Hello,
I've been using edgeR for a while but have a question for which I haven't been able to figure out the best way to deal with this kind of design.
I have 8 Libraries
Lib01 - Control, Genotype Sensitive [CS]
Lib02 - Control, Genotype Sensitive [CS] (Lib01 replicate)
Lib03 - Stress, Genotype Sensitive [SS]
Lib04 - Stress, Genotype Sensitive [SS] (Lib03 replicate)
Lib05 - Control, Genotype Tolerant [CT]
Lib06 - Control, Genotype Tolerant [CT] (Lib05 replicate)
Lib07 - Stress, Genotype Tolerant [ST]
Lib08 - Stress, Genotype Tolerant [ST] (Lib07 replicate)
genotype <-factor(c("S","S","S","S","T","T","T","T"))
condition <-factor(c("C","C","S","S","C","C","S","S"))
In order to calculate the DE genes in the Sensitive genotype I would do the following:
group<-(paste0(type,genotype))
group #"CS" "CS" "SS" "SS" "CT" "CT" "ST" "ST"
design<-model.matrix(~0+group)
design
groupCS groupCT groupSS groupST
1 1 0 0 0
2 1 0 0 0
3 0 0 1 0
4 0 0 1 0
5 0 1 0 0
6 0 1 0 0
7 0 0 0 1
8 0 0 0 1
fit <- glmFit(y,design)
##Contrasts##
#SSvsCS="SS-CS" Stress vs Control in the Sensitive strain
#STvsCT="ST-CT" Stress vs Control in the Tolerant strain
my.contrasts <- makeContrasts(SSvsCS=SS-CS,STvsCT=ST-CT levels=design)
lrt.SSvsCS <- glmLRT(fit, contrast=my.contrasts[,"SSvsCS"])
topTags(lrt.SSvsCS)
However how is this done to compare the DE between genotypes? Do I simply create a contrast SS-ST ? Shouldn't I consider gene DE if they are also DE against the Control?
How should the design matrix be prepared to compare genotypes taking into account the controls?
I'm not sure I follow. There is an example of a 2x2 ANOVA in the limma User's guide. Could you explain why
model.matrix(~ genotype * condition)
does not do what you want, please.Thanks for your answer.
Your suggestion gives me this design matrix
However that would get me
Which contrast would I use Intercept-genotypeT-genotypeT?
I'm not sure I agree with Devon re there being no need for contrasts in this design.

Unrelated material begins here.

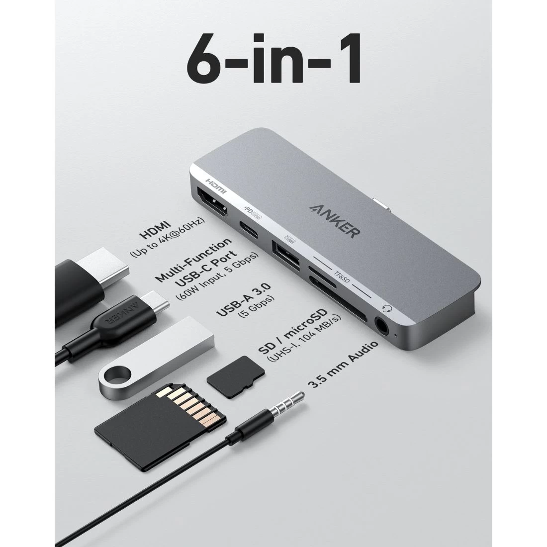 Anker 541 USB-C Hub (6-in-1, for iPad) – Grey

The two contrasts that you have mentioned in your post are as follows:
SSvsCS="SS-CS" # Stress vs Control in the Sensitive strain
and
STvsCT="ST-CT" # Stress vs Control in the Tolerant strain
(I'd probably throw in an interaction contrast as well, but we'll do the basics first).
Based on the design matrix you've just posted, the fitted value for
i) CS would be CS.fitted = (Intercept)
ii) SS would be SS.fitted = (Intercept) + typeS
iii) CT would be CT.fitted = (Intercept) + genotypeT
iv) ST would be ST.fitted = (Intercept) + genotypeT + typeS + genotypeT:typeS
where the right hand sides are constructed from the fitted coefficients for Intercept, typeS, genotypeT and the genotypeT:typeS
So your SSvsCS contrast would test whether SS.fitted - CS.fitted is nonzero, that is if the coef for 'typeS' is nonzero.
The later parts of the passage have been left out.